If we may be so bold: the GAIAE should not analyze the risk as they perceive it today. The GAIAE should assess the potential risk for humans as if an unmanned habitable outpost is ready and waiting on Mars. Only when that outpost is established will human lives be risked in Mars One’s plan. With eight successful consecutive landing and a habitable settlement waiting on Mars, will the human mission be risk-free? Of course not. Any progress requires taking risks, but in this case the reward is ‘the next giant leap for mankind’. That reward is certainly worth the risks involved in this mission. Mars One respectfully requests GAIAE to cancel the Fatwa and make the greatest Rihla, or journey, of all times open for Muslims too. They can be the first Muslims to witness the signs of God’s creation in heaven, drawing upon the rich culture of travel and exploration of early Islam. 
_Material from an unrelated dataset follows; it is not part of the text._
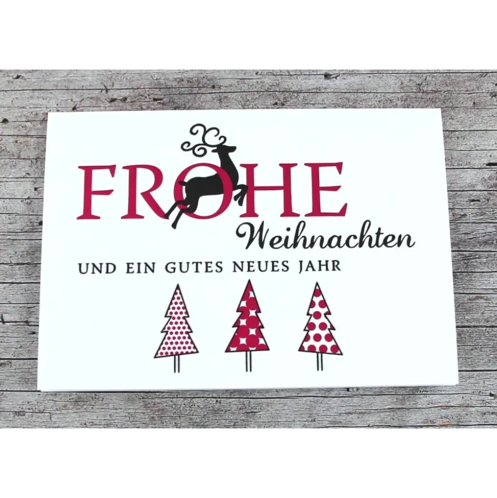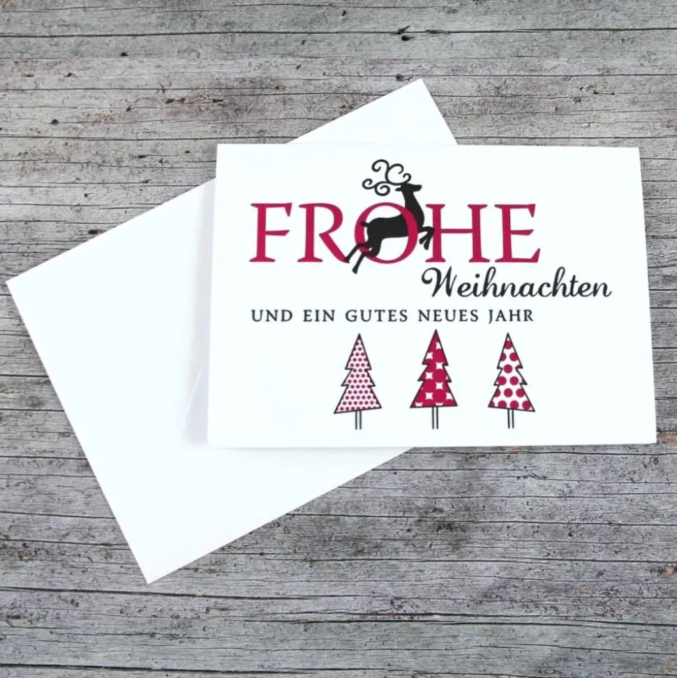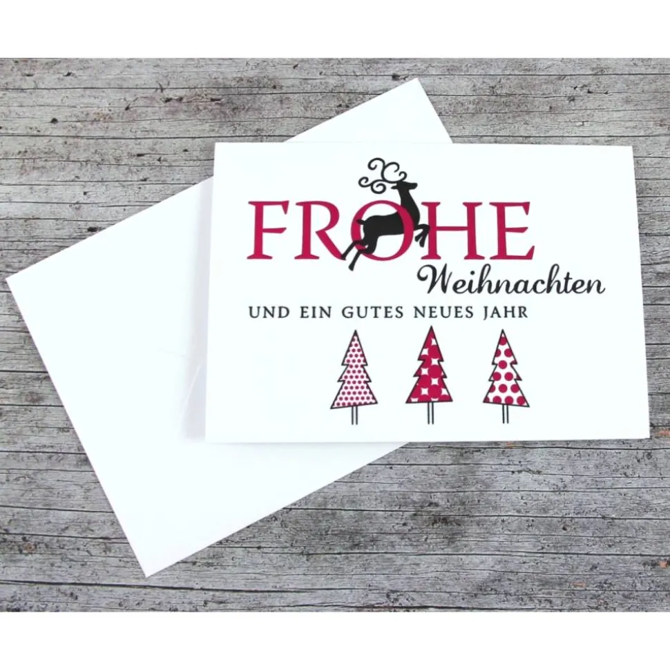 Grußkarte 3Bäume+Hirsch mit Kuvert und Einlegefaltblatt

Even if the whole story look a little stupid from our day-to-day common-sensed perspective, it may contain more mind blowing stuff that we might think. Ironically enough, this fatwa is a fascinating ruling for fans of sci-fi literature, because Kim Stanley Robinson’s amazing novel Red Mars, about the early colonization of Mars, posits that nomadic Muslims are the people best suited to truly pioneer the planet. And of course lots of Islamic/Middle-Eastern stuff finds its way into Dune, which isn’t about Mars but is certainly about a Mars-y planet. There’s something so cyberpunk about the whole thing; it’s one of the intersections of science fiction-y futurism and sociological reality that many scifi authors ignored. Yes, technology advances and our horizons expand, but the same superstitions and myths continue to hold power over our minds.  Whatever what the so-called islamic autorities may say, this could be a great adventure. It is not impossible that we will see Martian muslims some day, I mean just the recent contact of Islam with the west have produced gay imams so it wouldn’t be surprising to see Martian Imams or even Alien Imams in the future. Even crazier, maybe there are already Marsian muslims on Mars right now and this whole idea deeming traveling to Mars “unislamic” have offended them.